This is just a quick something. I am between classes and sitting in the adjunct lounge goofing off online, where I ran into the following:

 

You can see fuller descriptions of this whole project here at Gawker and at NotCot. The basic explanation is that the artist, Stefanie Pasavec, is creating a literary map of Kerouac’s On the Road, a book I could not care less about, but that’s not what’s interesting about the project. I’m actually surprised no one brought this up yet, and a google search of the artist’s name and “fractal” nets nothing, but that very obviously has fractal properties, and as NotCot says, “The maps visually represent the rhythm and structure of Kerouac’s literary space, creating works that are not only gorgeous from the point of view of graphic design, but also exhibit scientific rigor and precision in their formulation: meticulous scouring the surface of the text, highlighting and noting sentence length, prosody and themes, Posavec’s approach to the text is not unlike that of a surveyor.”

This is interesting in terms of the manipulation of a certain state space, and that when manipulated in a certain way, the regularities and patterns become apparent. In other words, certain ways of analyzing books will not evince the literary patterns in the book, but if one stretches the space in a certain way, those patterns emerge.

This site, Flowing Data, might hold some interest as well.

Filed by andyb at April 7th, 2008 under Complexity

This is very cool.

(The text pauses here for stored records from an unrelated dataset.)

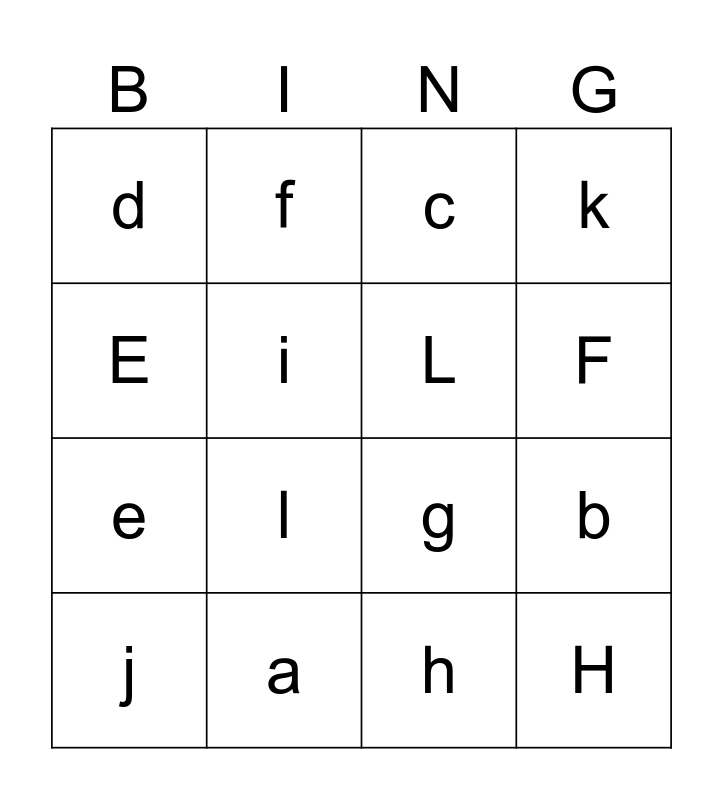 This bingo card has 16 words: a, b, c, d, e, f, g, h, E, i, j, k, l, F, L and H.
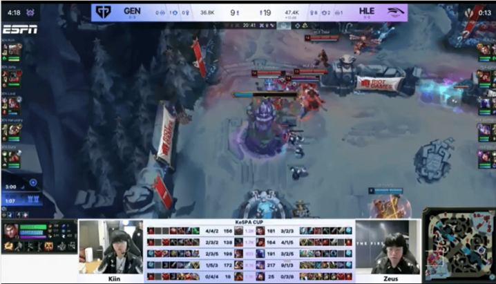 虎扑12月08日讯GEN蓝色方,HLE红色方
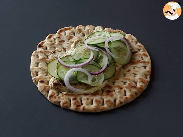 Les garnitures classiques incluent des crudités (ici nous avons choisi l’oignon rouge et le concombre). Vous pouvez également ajouter des tomates, de la salade, des poivrons grillés, des olives, ou des feuilles de persil frais pour plus de saveur et de croquant.
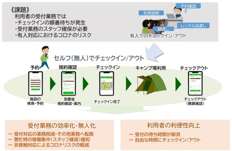 受付業務の簡略化により、利用者の利便性が向上するとともに、キャンプ場スタッフの受付対応業務の省力化により、その他業務への効率的な業務配分に寄与し、キャンプ場のサービス向上を図ります。
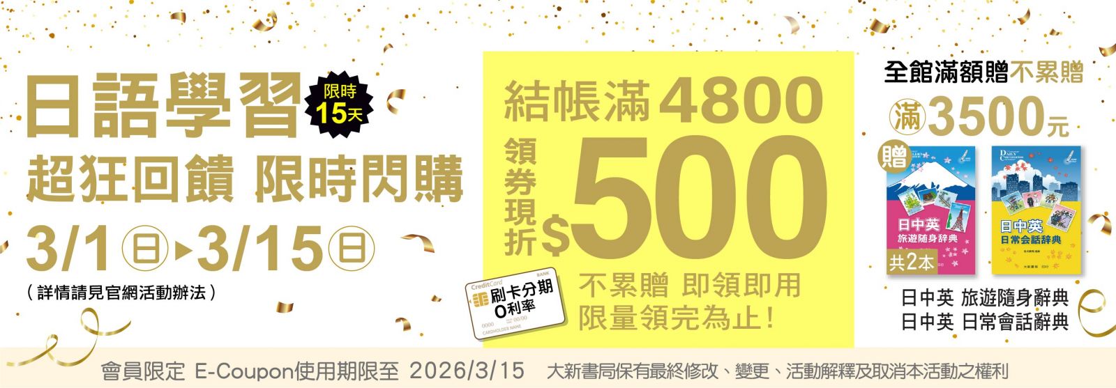 ★日語學習 限時回饋!500元E-Coupon現領現折 (3/1~3/15)
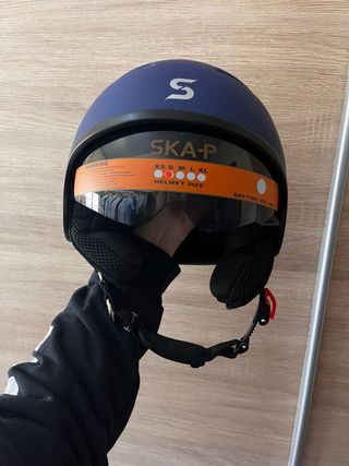 Casco de moto SKA-P, color azul marino, con visor. - Talla: S - Con funda, y en su caja. - Visor solar integrado que se sube y baja. - Visera antiarañazos - Extractores de aire traseros para un buen flujo de aire - Entradas de aire en la zona superior - Cubiertas para tapar los extractores superiores - Interior desmontable y lavable - Cierre micrometrico. - Incluye etiqueta de advertencia y de uso diurno. Precio Negociable
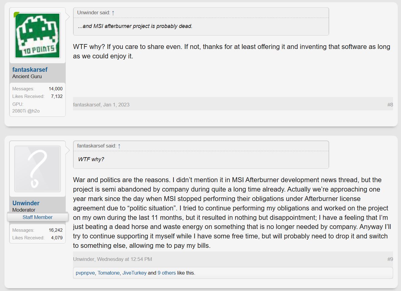 Nhà phát triển người Nga tuyên bố trên các diễn đàn rằng dự án đã bị MSI "bỏ rơi" trong 11 tháng qua và anh ấy vẫn cố gắng hỗ trợ phần mềm này với danh nghĩa cá nhân, một cách không công nhưng chắc không thể tiếp tục lâu hơn. Tuy nhiên trong thời gian gần đây, tình hình ngày càng trở nên khó khăn hơn với anh ấy và anh ấy không thể nỗ lực nhiều hơn nữa dự án khi anh ấy phải thanh toán các hóa đơn của mình, v.v...Trên diễn đàn Guru3D Forums, nhà phát triển này chia sẻ:
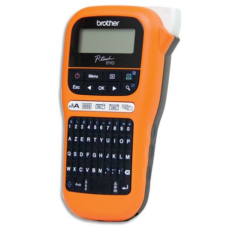 Utilise les rubans TZe de 3,5 à 12 mm - • Imprime jusqu'à 2 lignes de texte sur le même ruban - • Clavier AZERTY, écran 1 ligne - • Découpe manuelle des rubans - • Fonctions drapeau, rotation, incrémentation, panneau 200 symboles - • Vitesse d'impression 20mm/s - • Utilise 6 piles AAA (non fournies) - • Accessoire en option : Adaptateur AD-24ES (349108). - • PT-E110VP : livrée avec une mallette de transport et un adaptateur secteur
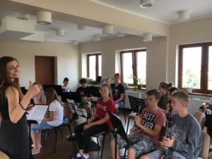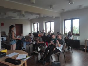 Gościem naszego obozu była Pani dyrygent Alicja Sobczak, która prowadziła część prób sekcyjnych, jak i całościowych. Pełniła również funkcję opiekuna wyjazdu. Oprócz zmagań z nowymi utworami, orkiestra odwiedziła Ośrodek Edukacji Przyrodniczej, gdzie zostaliśmy zapoznani z przyrodą i mieszkańcami Pszczewskiego Parku Krajobrazowego, po czym sprawdziliśmy swoją wiedzę podczas małego quizu. W Ośrodku Edukacji Przyrodniczej mieliśmy również możliwość popracowania z mikroskopami, gdzie mogliśmy np. przekonać się ile organizmów żywych znajduje się w kropli wody.
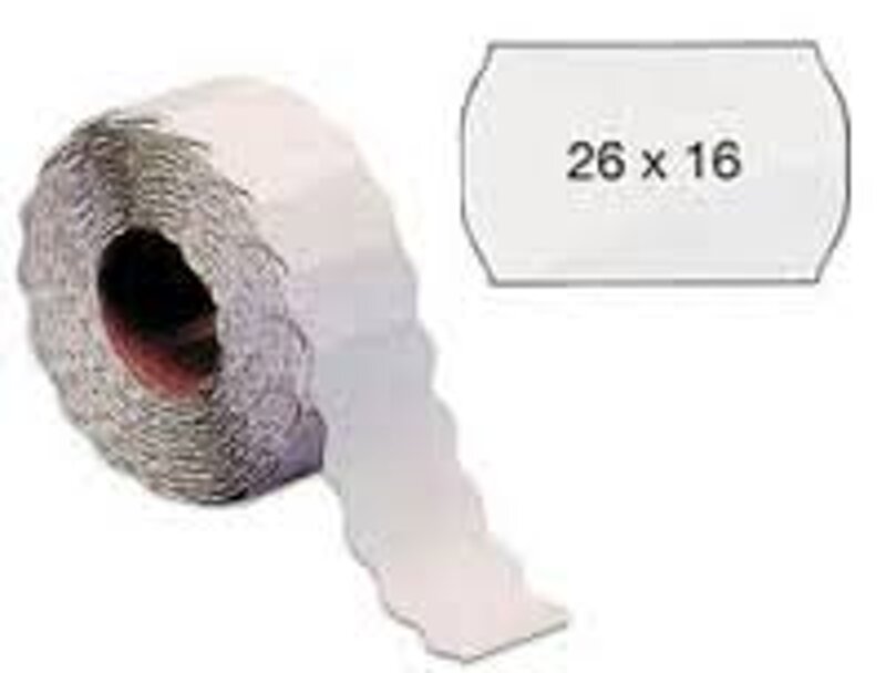Etichette formato 26X16 onda bianco permanente. Confezioni da 36 rotoli da 1000 etichette.
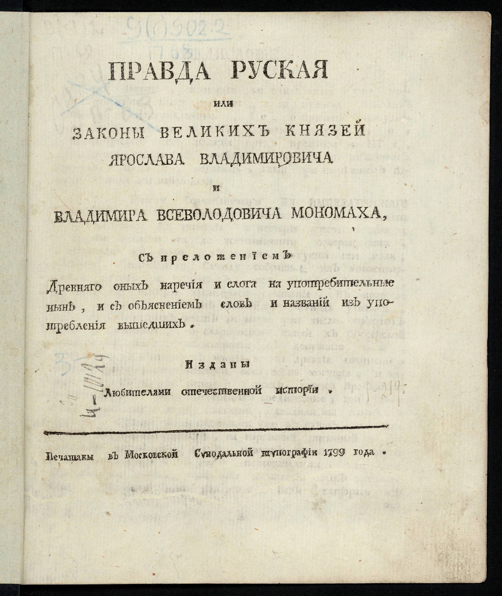 ИздательствоПравда руская или Законы великих князей Ярослава Владимировича и Владимира Всеволодовича Мономаха: С приложением древняго оных наречий и слога на употребительные ныне, и с объяснением слов и названий из употребления вышедших / Изданы любителями отечественной истории
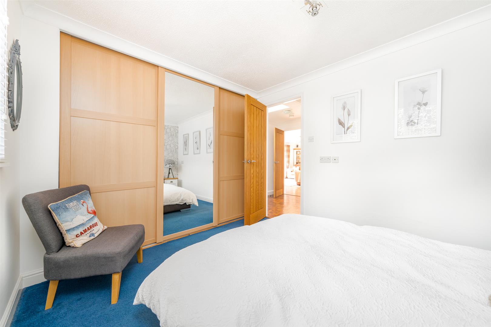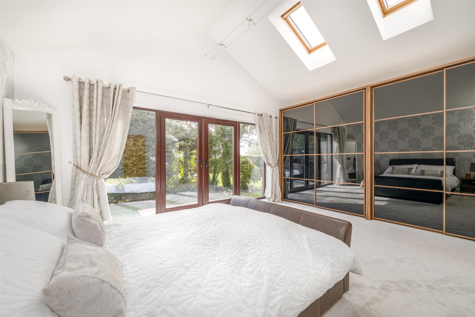The master bedroom is a peaceful retreat, featuring vaulted ceilings, full-height glass doors with garden views, and a private en suite shower room. Two further double bedrooms, both with fitted wardrobes, are complemented by a stylish family bathroom.
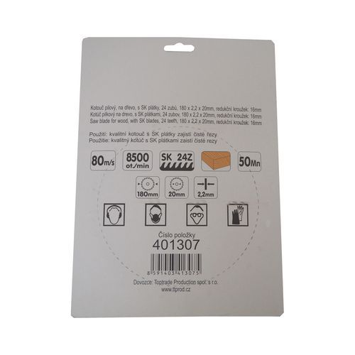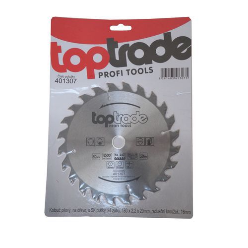 | Termék neve | TOPTRADE fűrésztárcsa, fához, szinterezett karbid élekkel, 24 fog, 180 x 2,2 x 20/16 mm |
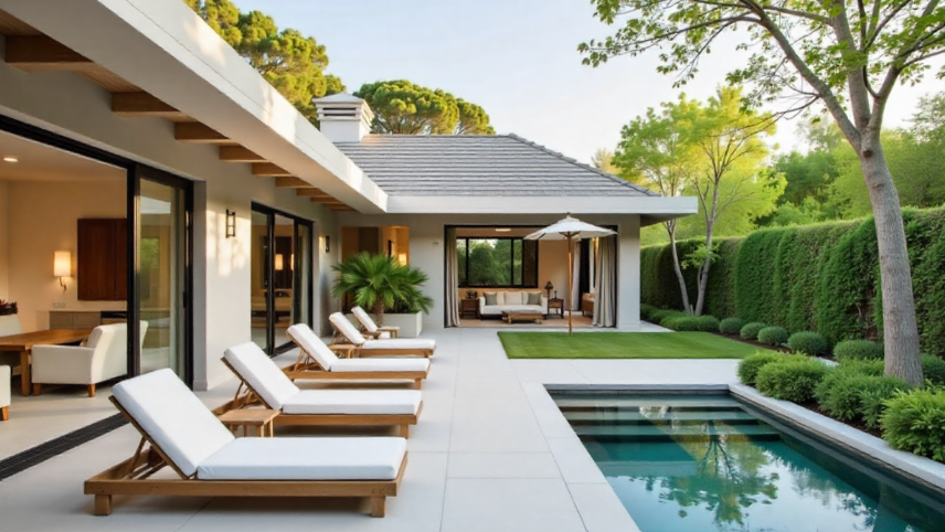- Zoning: Divide your outdoor area into functional zones—such as lounging, dining, and pool spaces.
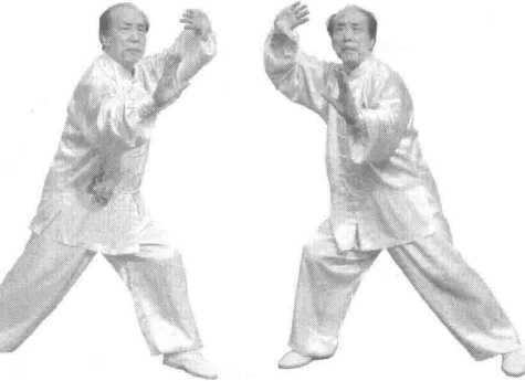 图39图39图40图40图41图41停于右额上方;左手下落经胸前向右前方推击。眼视左手(图38)
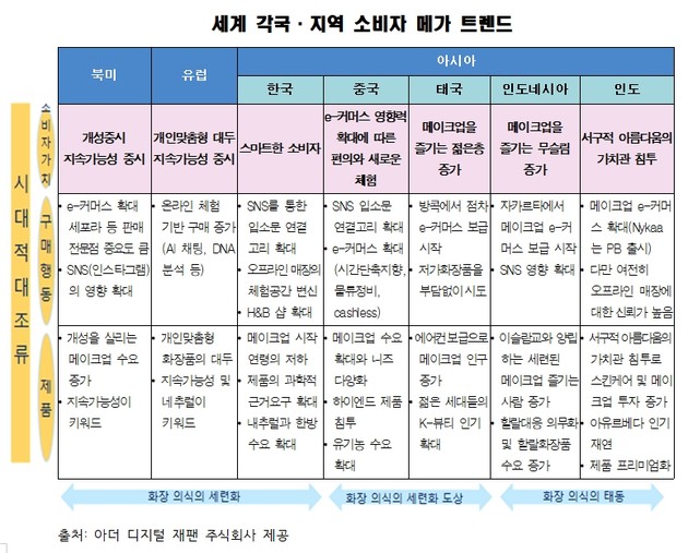 또한 북미와 유럽 등 선진국에서는 개인맞춤형 제품이나 지속가능성의 메가 트렌드가 나타남에 비해, 한국‧중국은 SNS와 디지털 커머스 등 디지털 기반의 소비패턴이 특징적이며, 태국, 인도네시아, 인도 등 동남아 국가는 메이크업 시장이 확대되고 있는 등 차이가 있다는 점을 확인하고, 선진시장과 아시아 시장에 서로 다른 대응을 해야 함을 제안했다.

Visual representations such as this do indeed seem to have a great deal of potential for finding patterns otherwise obscured.

However, it’s not fractal; it’s just a hierarchy.

Comment by Spiff — April 8, 2008 @ 4:16 pm

Really? I took a fractal to be something that on any level of magnification will have the same structure. I don’t think this is fractal the way the Mandelbrot set or the Sierpinski tetrahedron is fractal, that is, generated from a recursive algorithm, but analogically, Pasavec’s diagram is self-similar throughout each level. Fractal in the same way a tree and its branches are fractal.